(Bloomberg) — Federal Reserve Chair Janet Yellen backed a strategy for gradually raising interest rates, arguing that the central bank wasn’t behind the curve in containing inflation pressures but nevertheless can’t afford to allow the economy to run too hot.
“I consider it prudent to adjust the stance of monetary policy gradually over time,” she said Thursday in remarks to the Stanford Institute for Economic Policy Research in California, while stressing the considerable doubt surrounding that outlook.
Yellen’s second speech this week comes just a day before the inauguration of Donald Trump as U.S. president. She said that future alterations in fiscal policy were just one of the many uncertainties that the Fed would have to grapple with as it plots its monetary moves in the months ahead.
Not only is the size, timing and composition of such changes unclear, estimates of their impact on the economy by budget experts vary considerably, Yellen noted in a footnote to the speech.
“She doesn’t feel like the economy is overheating,” said Laura Rosner, senior U.S. economist at BNP Paribas in New York. “Nothing in her speech gave a strong signal that a hike is coming in March.” Policy makers next meet Jan. 31-Feb. 1, followed by a gathering on March 14-15.
Low interest rates can help some life insurance customers and operations, but they depress yields on the bond portfolios that insurers use to support long-term care insurance, disability insurance and other products that may pay off far in the future, or are designed to pay benefits over long periods of time.
In making the case that the Fed had not fallen behind the curve, Yellen said that wages had risen “only modestly” and the manufacturing sector was operating well below capacity.
What’s more, she didn’t see that changing soon. Payroll growth has slowed while the economic expansion “seems unlikely to pick up markedly in the near term” given weak foreign demand and prospective gradual increases in interest rates, she said.
Still, she saw dangers in permitting the economy to overheat and inflation expectations to get out of control. “Allowing the economy to run markedly and persistently ‘hot’ would be risky and unwise,” she said.

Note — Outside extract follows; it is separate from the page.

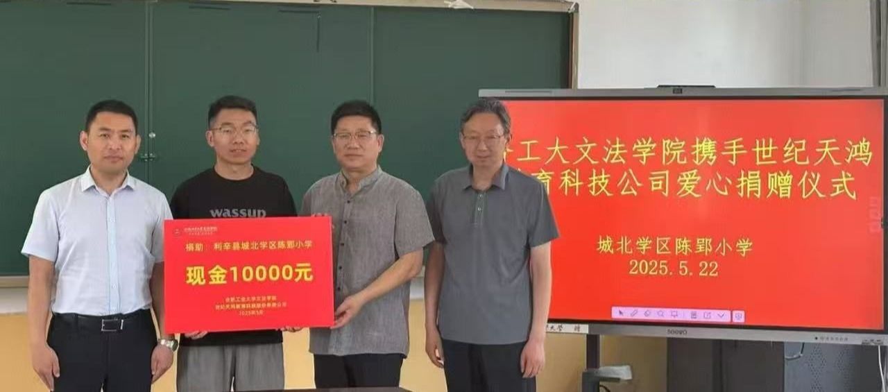 为助力农村教育发展,落实学校关于乡村振兴的相关工作安排,5月22日,文法学院联合校企合作企业世纪天鸿教育科技股份有限公司赴利辛县城北镇开展捐资助学送法下乡活动。学院院长吴椒军、副处级组织员沈鹏、世纪天鸿安徽省区域总经理刘庆堂等参加活动。

Another factor arguing for a gradual approach to raising interest rates is what Yellen called a “passive” removal of monetary accommodation via the Fed’s balance sheet.
In another footnote to her speech, Yellen said a shortening in the average maturity of the central bank’s bond holdings and the approach of an eventual reduction in its balance sheet could increase the yield on the 10-year Treasury note by 15 basis points this year. That would be roughly equivalent to two 25 basis point increase in the inter-bank federal funds rate. She did not say when the reduction in the balance sheet would begin.
The Fed raised interest rates in December for the first time in a year, lifting its target range for the benchmark federal funds rate to 0.5 percent to 0.75 percent. Policy makers have penciled in three quarter-point increases for 2017, according to the median of their quarterly estimates in December.